More homeowners are quitting London for towns within commuting distance of the capital. Estate agent Savills has revealed the commuting hotspots that are attracting those for whom the city is increasingly unaffordable along with those who want to take advantage of the value of their London home to buy a bigger one elsewhere.
In its research, Savills revealed that towns with a good transport hub such as a railway station were in the highest demand, particularly those within a 40-minute journey to central London.
Those towns with good rail links, coupled with an increase in new homes, saw the biggest spike in passenger traffic heading towards London. The likes of Aylesbury Vale Parkway in Buckinghamshire and Didcot Parkway in Oxfordshire have seen spikes in house prices fuelled by an influx of commuters.
House price growth in those areas is 5 percent higher than neighbouring areas over the last five years, according to Savills. And the knock-on effect is that commuting-distance areas with lower-value homes are becoming increasingly popular, particularly those on the HS1 link to Birmingham.
In fact, the commuting distance is now stretching beyond the traditional Home Counties as far Coventry, Rugby and Birmingham itself as people take advantage of regular, fast trains to London without the cost of living in the capital.
Meanwhile, more people than ever before are leaving London, according to figures from the Office for National Statistics. The number of people in their 30s who are moving out of the capital has risen by 27 percent in the last five years with the traditional commuter belt their destination.

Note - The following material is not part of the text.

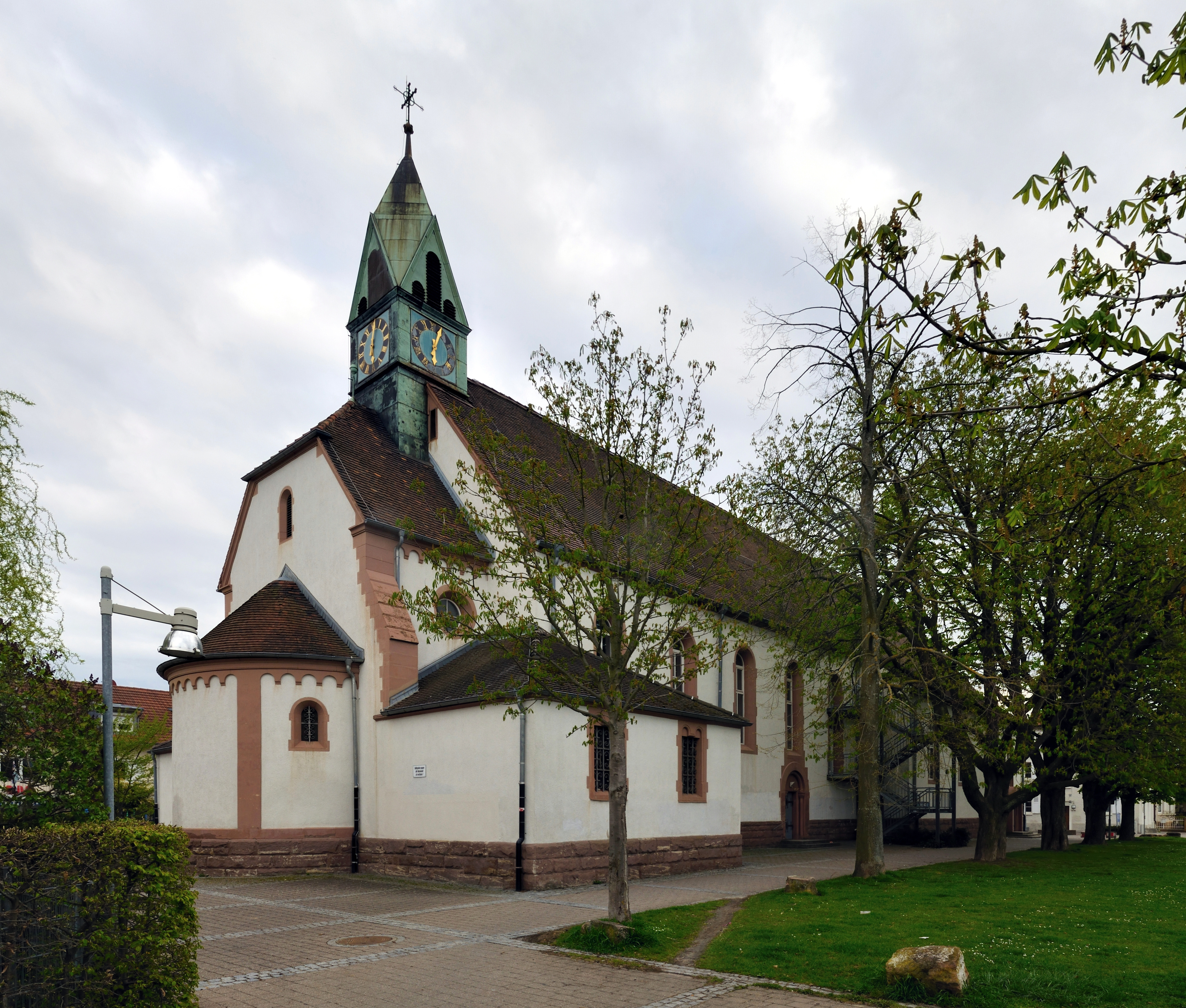 Weil am Rhein: municipal library (formar Saint Peter and Paul Church)

Savills said 14 percent of its new home buyers are those moving from London with 39 percent of them buying a larger property, demonstrating the financial power of London property.
Its report said: “We expect the ripple effect of Londoners moving to the commuter belt to continue. Searching for more space, they are likely to bring London’s equity with them and will be targeting markets with the quickest links to the capital.
“These include established prime locations and up-and-coming areas that are more affordable than their neighbours.
“Yet we also expect the ripple effect to move beyond London’s commuter zone to markets in the Midlands and the north. These markets have seen house prices rise more in line with wages and therefore remain affordable. They will have the most capacity for growth over the next few years.”